June 2010, shortly after being served with the summons and complaint. The letter stated:

I received your summons and am responding. I have made attempts on this debt with Capitol One. I dispute the charges applied to the account as I do not feel they are just. I did so in writing and per phone conversations with Capitol One and then again with the collection agency. The account balance, fees and interest applied to this account are unjust. I am sending you a copy of letter to Capitol One and to United recovery along with statements send by them. I believe I do owe this debt but at the time when I got behind I had some family issues that changed my circumstances and was not able to

No. 31216-0-III Capital One Bank v. Wallace

make the appropriate payment. I was promised the fees would stop and when they did not I just gave up. I am not trying to run away from my responsibility only trying to negotiate the charges.

CP at 129 (errors in original).

In accordance with CR 60(e), Ms. Wallace obtained an ex parte order to show

cause that required the bank "to appear before the court on the 17th day of August" to

show cause why the judgment should not be vacated. CP at 158-59. Lawyers for the

bank later objected that because Ms. Wallace did not provide them with courtesy copies

of the motion and supporting materials she served on the bank's registered agent, they did

not learn of the August 17 hearing until August 13. They filed materials in opposition to

the motion on August 14, which included affidavits denying that its lawyers had ever

received Ms. Wallace's ostensible June 30, 2010 letter. Ms. Wallace filed a reply on

August 15, and the bank filed a surreply on August 16.

The hearing proceeded as scheduled. The court refused to consider the surreply

and summarily denied a motion by Ms. Wallace to strike the bank's opposition materials

as late-filed. After hearing argument of counsel, the court denied Ms. Wallace's request

for relief from the default judgment. In written orders later presented to and entered by

the court, it found that Ms. Wallace "was not entitled to notice of entry of the Judgment,"
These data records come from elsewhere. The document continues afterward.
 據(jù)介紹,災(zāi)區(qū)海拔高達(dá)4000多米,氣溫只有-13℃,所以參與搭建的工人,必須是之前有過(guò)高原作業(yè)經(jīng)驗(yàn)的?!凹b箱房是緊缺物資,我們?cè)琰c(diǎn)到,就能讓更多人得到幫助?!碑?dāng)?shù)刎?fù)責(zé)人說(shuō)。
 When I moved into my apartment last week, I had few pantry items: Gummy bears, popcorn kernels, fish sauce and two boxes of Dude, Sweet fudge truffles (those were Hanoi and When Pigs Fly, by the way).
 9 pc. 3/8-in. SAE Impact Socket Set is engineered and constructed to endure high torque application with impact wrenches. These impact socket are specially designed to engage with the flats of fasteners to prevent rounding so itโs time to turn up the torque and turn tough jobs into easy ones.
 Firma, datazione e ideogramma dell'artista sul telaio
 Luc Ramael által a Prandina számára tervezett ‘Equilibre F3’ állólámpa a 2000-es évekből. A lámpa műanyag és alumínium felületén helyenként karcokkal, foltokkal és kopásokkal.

and that she "was on notice that the Judgment had been entered for more than one year

before bringing this Motion as evidenced by the parties' agreement and [her] partial

performance of said agreement." CP at 247-48.

Ms. Wallace appeals.

ANALYSIS

I General Principles Applicable To ReliefFrom Default

The rules for superior court ordinarily require a defendant in a civil action to serve

her answer within 20 days of being served with a summons and complaint. CR 4(a)(2),

12(a)( 1). They provide that if a notice of appearance is made, it shall be in writing,

signed by the defendant or his lawyer, and served upon the person whose name is signed

on the summons. CR 4(a)(3). When a defendant has failed to appear, plead, or otherwise

defend as provided by the rules, a plaintiff may move for default. CR 55(a)(l).
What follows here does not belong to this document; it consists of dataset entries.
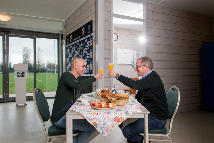 Dochter Alies van Hanegem heeft beelden op internet gezet van vader Willem van Hanegem die een oliebol in een schaal kopt.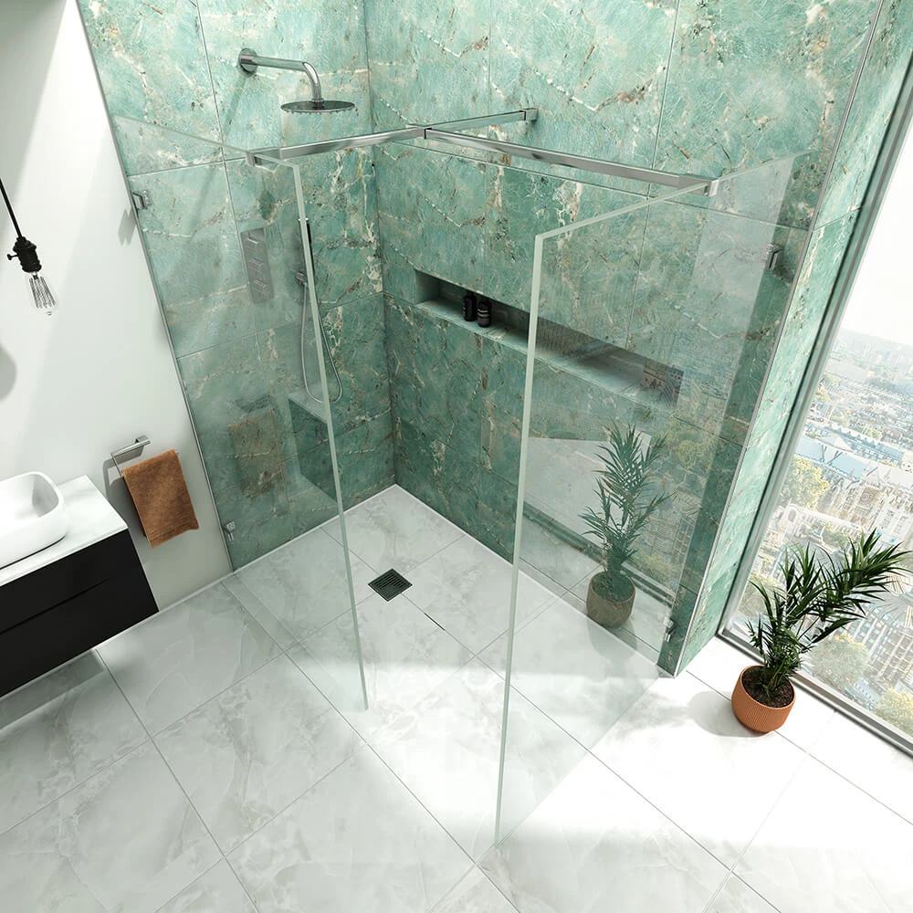 - Includes modern minimalistic support shower arm – 1000mm in length and can be cut down to size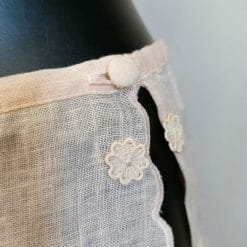 Una vera favola questo completo vintage di lingerie composto da una delicatissimo mutandina a pantaloncino aperta sui lati, rifinita con bottoncini risoperti e laccetti, accostata ad una canotta semplice ma d’effetto con spalline sottili, balza finale e fiorellini applicati.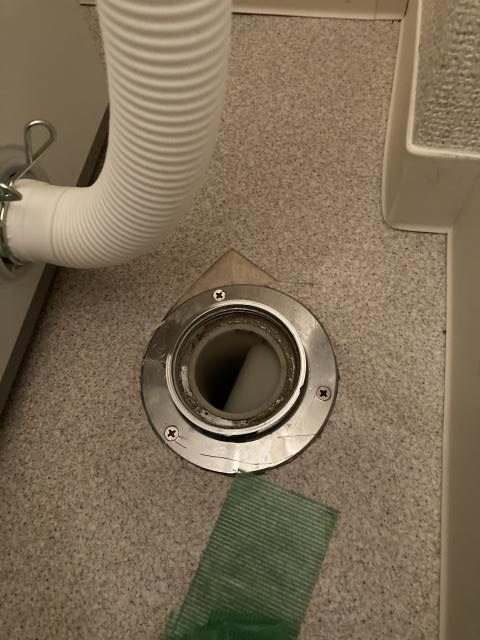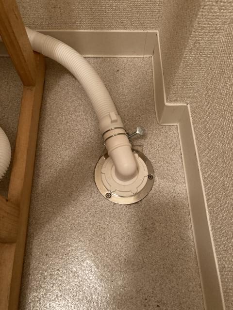 まだ住み始めたばかりの入居者で、洗濯ホースが排水にうまく入らず床に水漏れしてしまうとのことでした。
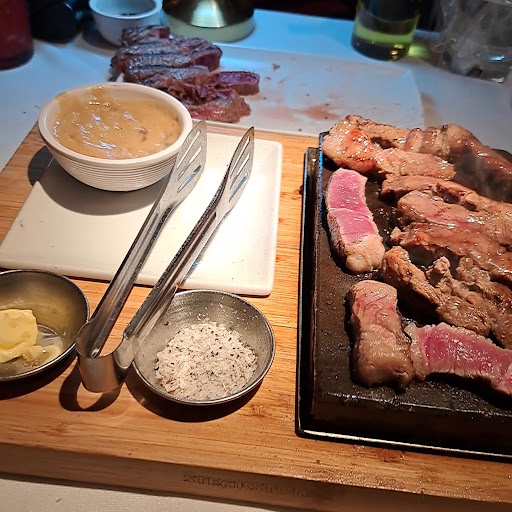 I’ll start by saying the food was really lovely. The all you can eat steak is a great idea and it is good quality meat - the sides and sauces were delicious too. Big downfall to this place is rude staff, and just generally poor service, we booked and brought 4 small children, we were quickly told upon entry if we were having all you can eat steak the children have to have it aswell, baring in mind one of them is 1 years old 😂 (I had to ask for a high chair 5 times) Before I go any further - at no point did I ask for all the kids to eat from our plates, I literally asked if we can order them a kids meal. Which they don’t do. Waitress was defensive when explaining they don’t give out free food, and I reminded her why would I be wanting to buy them all meals if I was going to then feed them my food aswell? Makes no sense. We finally came to the agreement we could order side dishes for the children - why don’t you have a kids menu!! This would eliminate any chances of people trying to feed their kids for free!! Second negative to this place is the waiting times, steak and hot plates arrived, waited another 10 mins for steak sauces. When we asked for any refills there was long waits, and god forbid you need a new hot plate - you’ll be waiting 30 mins! How can you enforce a time limit but then keep customers waiting so long. To conclude we felt as though this business is extremely money orientated, they’re so worried and focused about people trying to get an extra portion of chips out of them that they forget to provide decent customer service to people who are paying to be there. They were all either having a bad day or hate their jobs. It was miserable. In the end we left a £20 tip as a good deed. Hopefully this reminds them in the future to treat customers better and improve the way they do things. We weren’t asking for a lot but were made to feel uncomfortable. Mainly get yourselves a kids menu! Sadly we won’t be coming back or...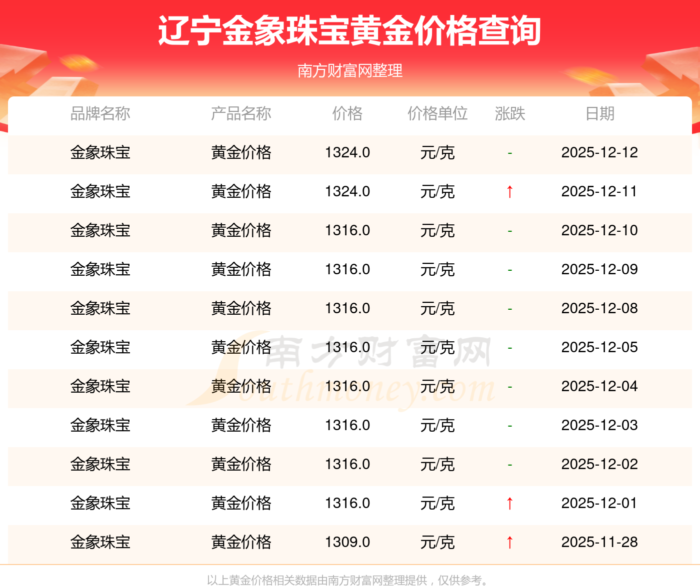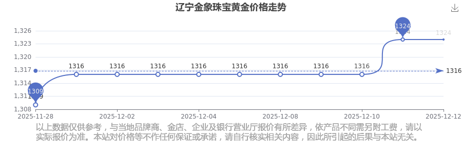 今日(2025年12月14日)辽宁金象珠宝黄金价格是1324.0元/克。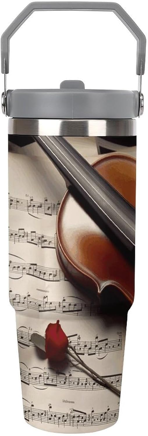 Our Violin Sheet Music travel water bottle is made of food-grade stainless steel. The wide mouth design makes it easy to clean and add ice, and the powder-coated exterior is non-slip and durable, ensuring driving safety.Whether you prefer sipping or quenching your thirst, this personalized insulated mug has you covered. Featuring a splash-proof straw design, a sealing ring securely holds the reusable straw, and a drinking spout and full-coverage lid for enhanced leak-proof performance, this mug allows you to easily carry ice water to work, meetings, the gym, or on trips.You can give it to your friends and family as a birthday, Mother's Day, Father's Day, New Year's, Thanksgiving, and holiday gift. It's a thoughtful present.
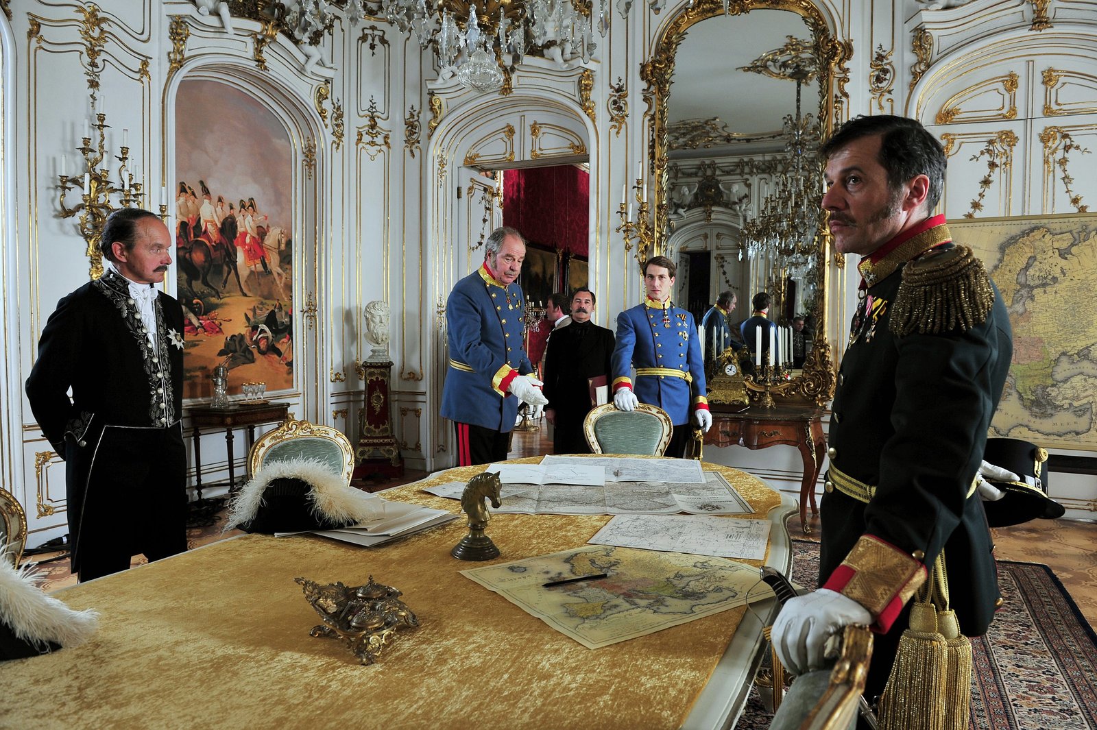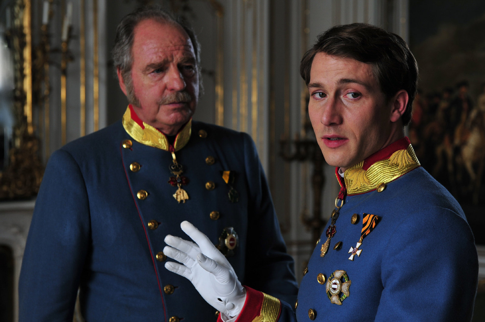 Teil 1Kaiser Franz Joseph (David Rott, rechts) diskutiert mit seinem Feldmarschall Graf Radetzky (Friedrich von Thun, links) Yber die AufstSnde im Reich. Honorarfrei - nur fYr diese Sendung bei Nennung ZDF und Bernhard BergerBild: © ZDF und Bernhard Berger

In order to obtain a judgment by default, CR 55(a)(3) requires the plaintiff to serve

"[a]ny party who has appeared in the action for any purpose" with a written notice of the

motion for default at least five days before the hearing on the motion. It explicitly

provides that "[a]ny party who has not appeared before [a] motion for default and

supporting affidavit are filed is not entitled to a notice of the motion" except in the case

of actions in which default is sought more than one year after commencement, as

provided by CR 55(f)(2)(A). CR 55(a)(3).